A dropped ceiling subtly defines the space along with a large 11-by-3.5-foot (3.3-by-one-metre) island that holds the wine cooler, microwave and a second oven. Dual-tone cabinetry adds a contemporary flair with the refrigerator, freezer and pantry cupboard behind integrated wood panels. High-gloss grey lower cabinets support a Cambria stone countertop. Glass doors on the upper cabinets give the whole space a light and airy ambience.
As a designer Hungerford enjoys working with clients’ existing possessions.
“Things one already owns have a history and they show personality. If you buy everything new it lacks that emotional connection. I like the history and your guests will always ask about those pieces,” she says.

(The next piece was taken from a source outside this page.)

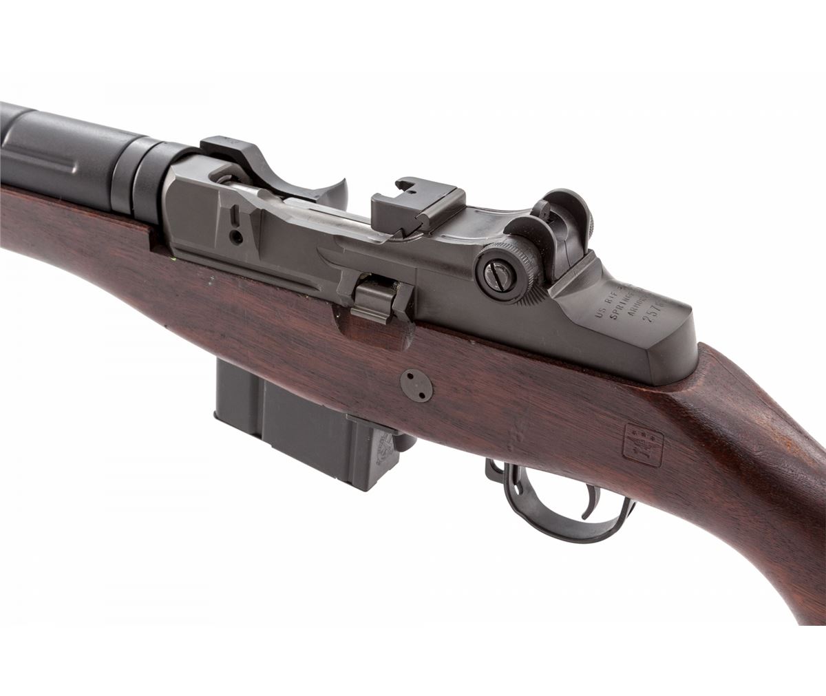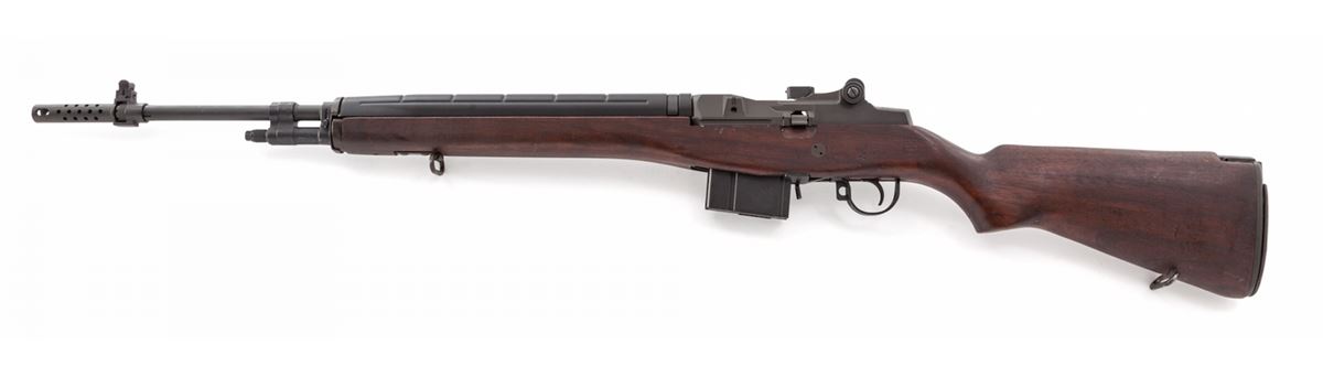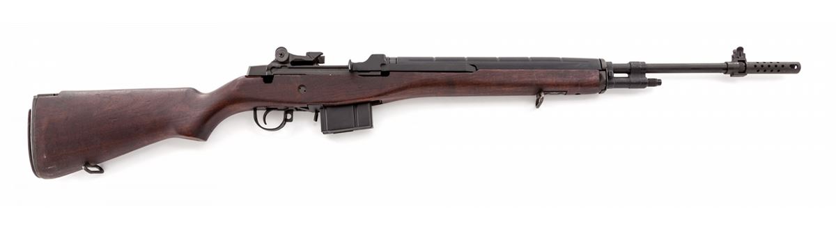 California Legal Springfield M1A Semi-Automatic Rifle, #257679, .308 cal., 24'' compensated barrel, parkerized finish, GI cartouched M14 stock, with one ten-round magazine. Condition is excellent showing little use. GI stock with light scuffs and dings. Est.: $1,000-$1,500. (Modern)

She followed that instinct in her own home by incorporating vintage and family-owned furniture throughout. In the dining room new chairs complement an antique table and the rectangular light fixture helps combine old and new elements in the room.
In the formal living room, a colourful Wendi Copeland painting above the fireplace adds a fresh dimension to the room, which is furnished with an antique settee and two reupholstered chairs, originally from her parents’ home.“The glass bannister was another way to add a layer of modernity to the older house. I used a stained wood rail that ties to the floor. The glass brightens up everything, opens up the top floor and makes it look a lot more spacious,” she says.
Lights also streams in through an original round-arch window where a play space has been created on the landing. The family theme continues with two vintage desks – perfect for playing school.

“My mother had the desks from when she was a teacher 40 years ago,” says Hungerford.
Grandmother Jane Hungerford also gave each child a quilt made from vintage fabric. “The quilts were the inspiration for the décor in the [children’s] rooms. I wanted to create rooms they can grow into, not too juvenile, but still cute and colourful,” she says.
An upcycled wrought-iron bed frame painted in turquoise is a focal point in the eldest daughter’s bedroom. In another nod to the past, the triple mirror frames of a vintage dressing table are painted a soft pink. A refinished white dresser is a comfortable fit below the window with its pink-and-white-stripe roman blind. A large pillow on the bed matches the blind and the pretty vignette is completed with a crochet cushion, made from “granny squares” found when Hungerford and her mother were shopping for accessories for the bedrooms.
Colourful paper birds on a string garland add whimsy in the second girls’ bedroom, where light purple walls are the backdrop to a fun space with a bunk bed.
The new master ensuite takes advantage of the extra square footage added during the renovation. Light blue walls and complementary bed linen and pillows in greys, creams and white give the space the relaxing and peaceful ambience Hungerford planned.
The wide-plank engineered oak floor that runs throughout the house provides a contrast to light-oak-stained three-shelf nooks built in alongside the upholstered headboard.
In the ensuite, a curbless shower with frameless glass doors, double under-mount sinks and a separate vanity counter all contribute to a transitional design that is light and airy. The inlay in the marble floor continues up the wall behind the tub and adds a lot of interest, she says.
By remaining true to her design objective, Hungerford has created a charming, functional family home that maintains the character of the original house, enhanced by thoughtful touches that reflect what’s important to her family.